Wow, this work is actually amazing. I wouldn't drop the prices down a single $€£¥₩, these are really well drawn and completely worth the price. Simply posting art is never enough. I'm going to send you a personal message with my real advice, but for people reading wondering the same thing, make every social media account you can think of, take advantage of every popular sharing app, and just REALLY put your work out there. Go to events and display your work, or at least put a BUNCH of your art on one single page, with your contact information (buy an $8 prepaid "burner phone" for this) and print out 100 pages with photo paper, and hand them out at events, or mail them to somebody going to an event, who will agree to hand them out.


----------



## Zrcalo (Mar 9, 2016)

@WolfenMara personally what I'd do is tag the shit out of your work. For example this pic: www.furaffinity.net: Indulge Me by WolfenMara

your tags could include: hot sexy yiff yiffing sex hawt female lady boobs boobies magic magick fire power witch dress catwoman etc etc

I've found that also participating in the community for a long while and actively commenting and faving other peoples'' works, works wonders as well!

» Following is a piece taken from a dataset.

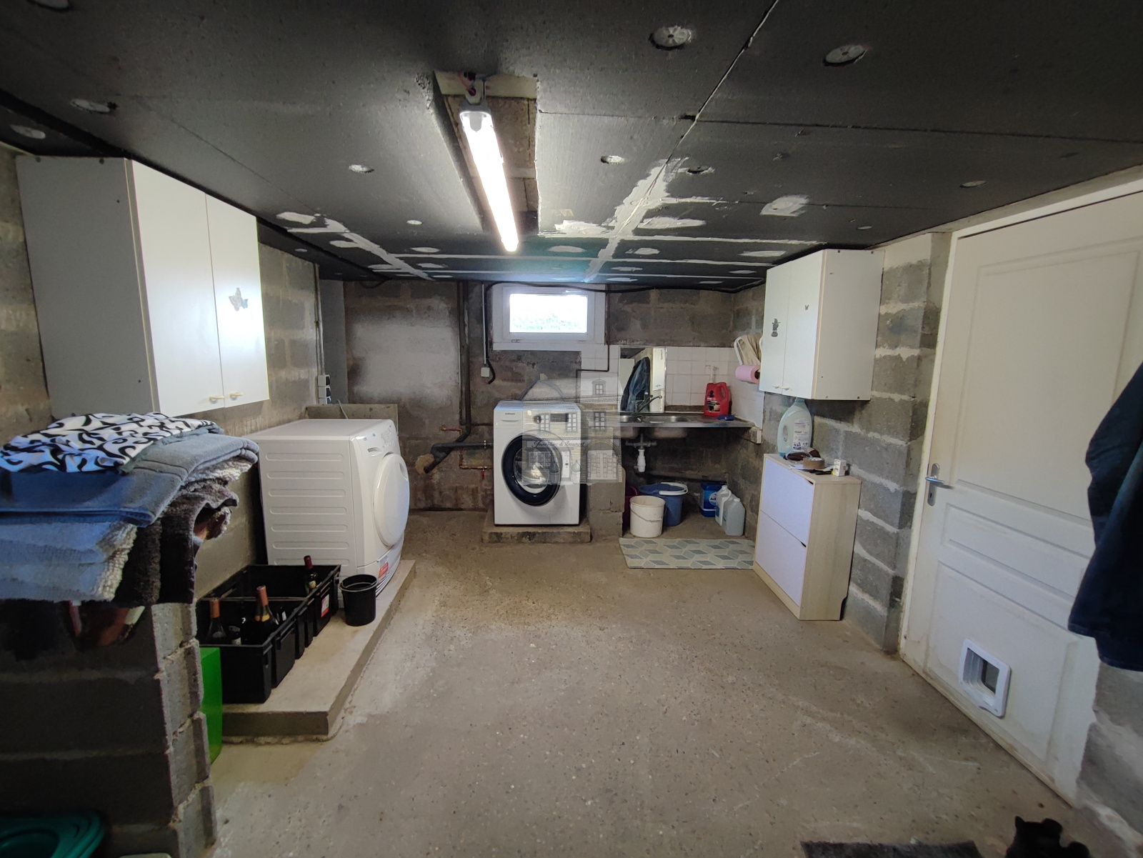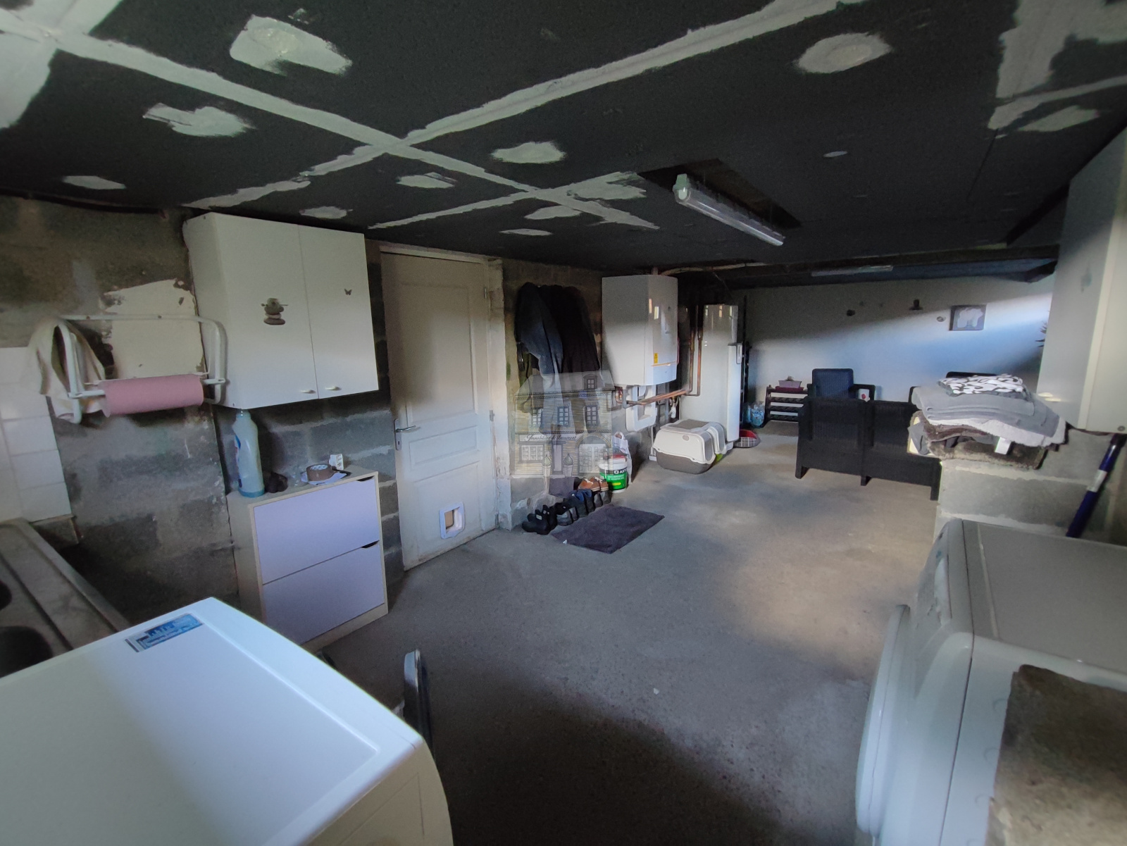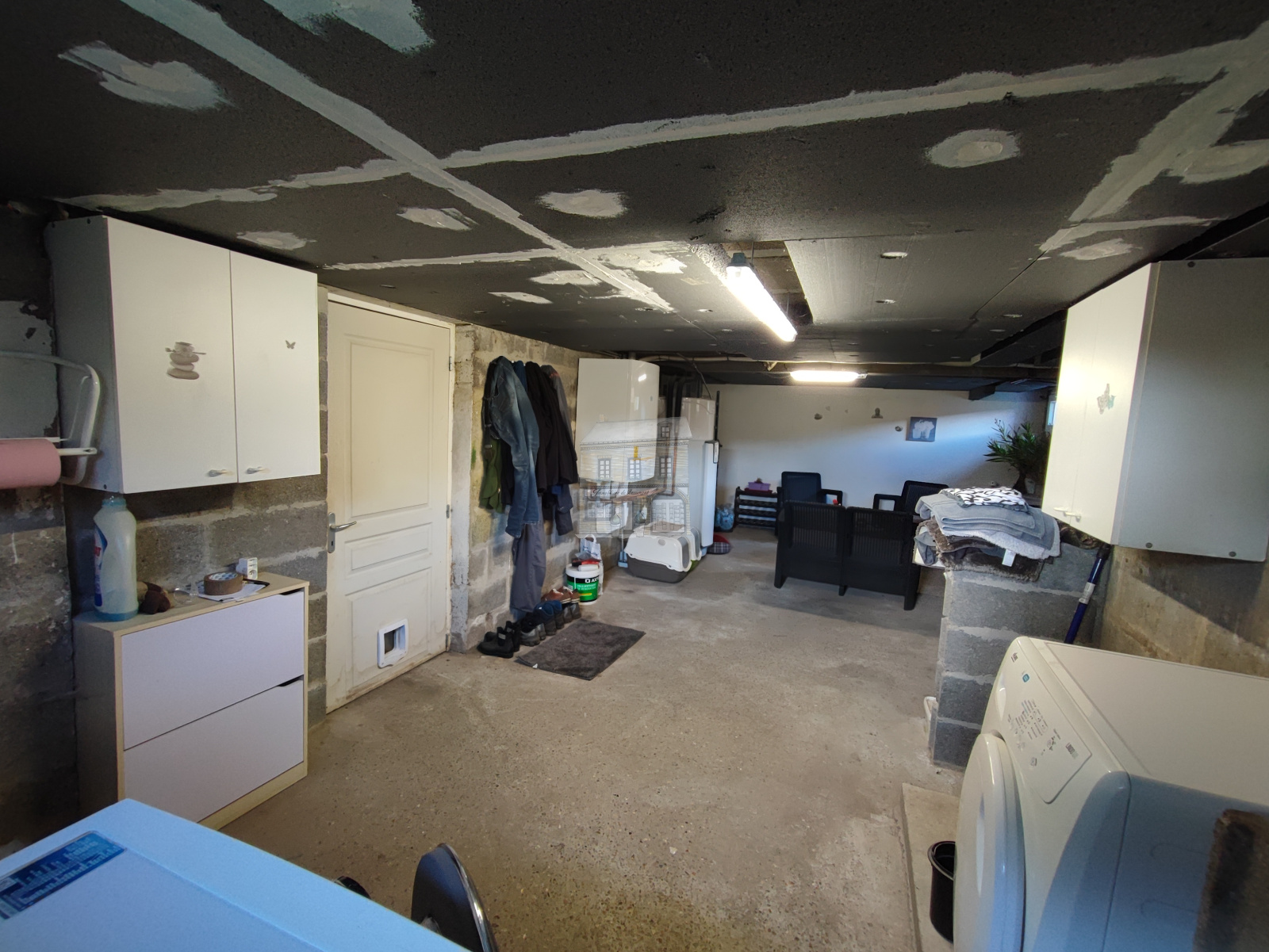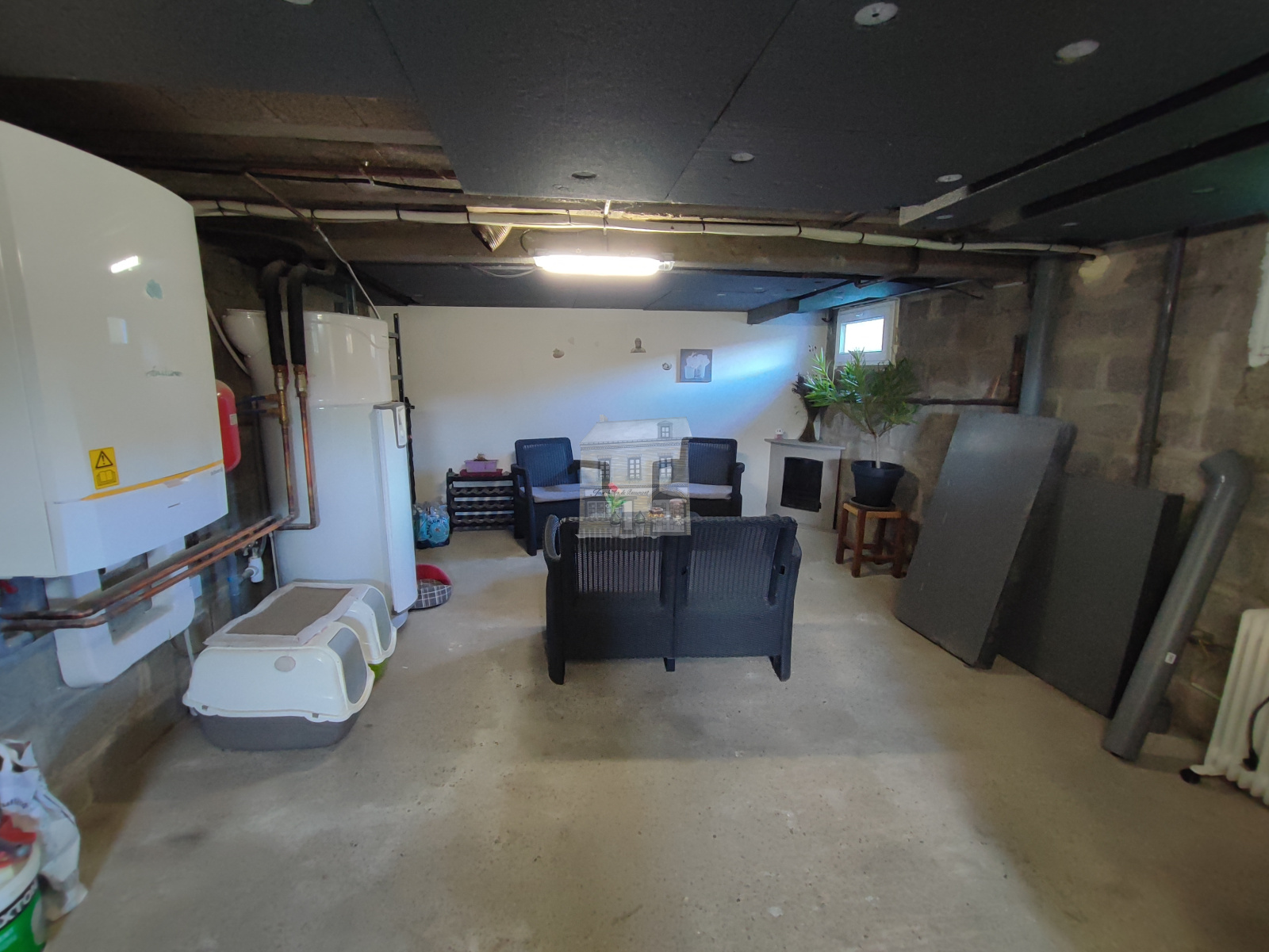Cette maison est édifiée sur un sous-sol complet à usage de garage, chaufferie/buanderie et atelier.

also after reviewing your artwork.. a lot of it seems to look like its either heavily referenced or even traced. So that may be one of the reasons why someone may not want to buy artwork. If you use a reference, I'd include it in the description. Also developing your own drawing style is one of the biggest ways to be recognized in the fandom.


----------



## WolfenMara (Mar 9, 2016)

Zrcalo said:


> @WolfenMara personally what I'd do is tag the shit out of your work. For example this pic: www.furaffinity.net: Indulge Me by WolfenMara
> 
> your tags could include: hot sexy yiff yiffing sex hawt female lady boobs boobies magic magick fire power witch dress catwoman etc etc
> 
> ...



You think I trace? I'm sorry but I'm not sure how to take that? I upload speed paints showing my process from start to finish, a lot of my new stuff I even don't use a reference for. Of course when I do, I reference from life and photos, but never just trace. You are the first person to suggest that, I hope dearly you are the only one. How do I prove to you that I hand draw my stuff  ?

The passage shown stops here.